Patient-specific instrumentation improves alignment of lateral unicompartmental knee replacements by novice surgeons

Patient-specific instrumentation (PSI) involves the production of individually designed and printed cutting guides, precisely matched to the patient’s own anatomy. Proposed benefits of this technology to arthroplasty surgeons include: increased accuracy of implant placement, reduced costs and faster operating times [1].

The lateral unicompartmental knee replacement (LUKR) is a relatively uncommon procedure; numbers are not recorded by most registries, including the England and Wales National Joint Registry [2], but the Swedish registry reported only three were performed in 2013 [3]. However, there is increasing evidence for the superior efficacy and lower cost of unicompartmental knee replacement (UKR) over TKR in cases of single compartment arthrosis [4‐8]. Importantly, there is also evidence of a better safety profile with this smaller operation, with lower rates of morbidity and mortality [9]. Despite these benefits, a significant barrier to increased use of UKR and LUKR in particular is the technical difficulty of the operation, a significant learning curve, and the need to perform larger numbers to achieve the lowest reoperation rates, which have traditionally been higher in UKR compared with TKR surgery [10, 11]. As a means of potentially simplifying and improving the accuracy of a procedure, PSI may offer a way to increase the use of the LUKR and allow more patients to experience this small, safe and effective operation.

Seeking to test this potential, we assessed the accuracy of placement of LUKR implants by orthopaedic surgical trainees unfamiliar with the operation.

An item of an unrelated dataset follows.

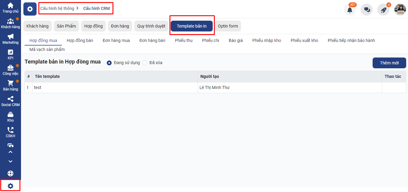 Bước 4: Sau khi điền tên template, bạn click vào Thêm mới để lưu mẫu in vừa tạo.

Through the analysis of synthetic bones used on a LUKR training course, where both PSI and conventional instrumentation were used, we compared the adherence of the trainee surgeons to a specified operative plan using each technique. Our null hypothesis was that there would be no difference in the degree of deviation from the plan using either technique.

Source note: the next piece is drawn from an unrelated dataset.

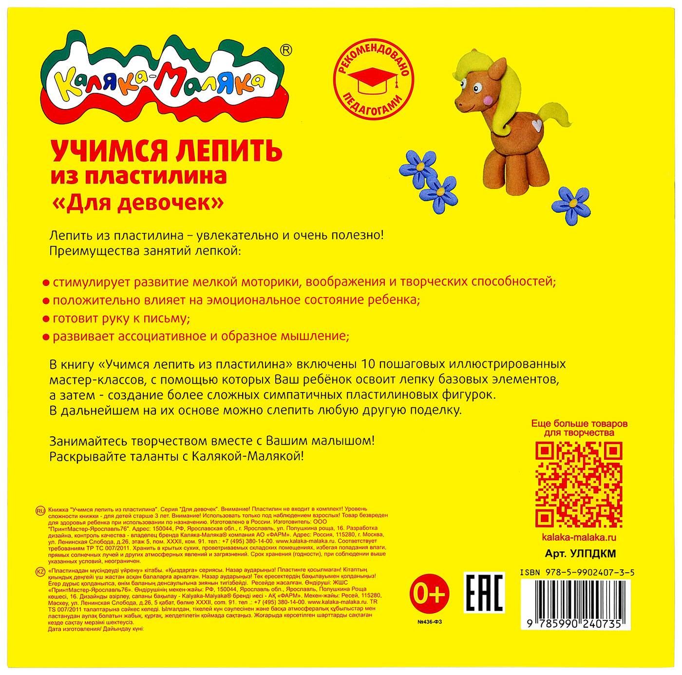 Книжка Каляка-Маляка УЧИМСЯ ЛЕПИТЬ ИЗ ПЛАСТИЛИНА. ДЛЯ ДЕВОЧЕК 10 мастер классов 3+

Twelve orthopaedic trainees attended an instructional course on LUKR. None of the trainees had practical experience of the procedure and, as part of the course, performed their first two LUKR procedures on synthetic dry bones (Biomet, Bridgend, UK). All the synthetic bones were identical and were developed from the computed tomography (CT) scan of a patient with knee osteoarthritis. They consisted of a femur and a tibia joined by tight cords that replicated the collateral and cruciate ligaments.

Prior to performing the LUKRs, all the surgeons were privy to a live demonstration of the procedure using both PSI and conventional instrumentation and were also presented with an instructional booklet, which included detailed diagrams and measurements of the surgical plan. This plan was created by an experienced surgeon on in-house planning software and was designed to recreate the natural joint line using implant positions that could be realistically achieved with conventional instrumentation. PSI guides were designed and produced by Embody (London, UK) using the EOS Formiga P110 Printing System with a medical grade polymer (PA2200) (Figs. 1 and 2).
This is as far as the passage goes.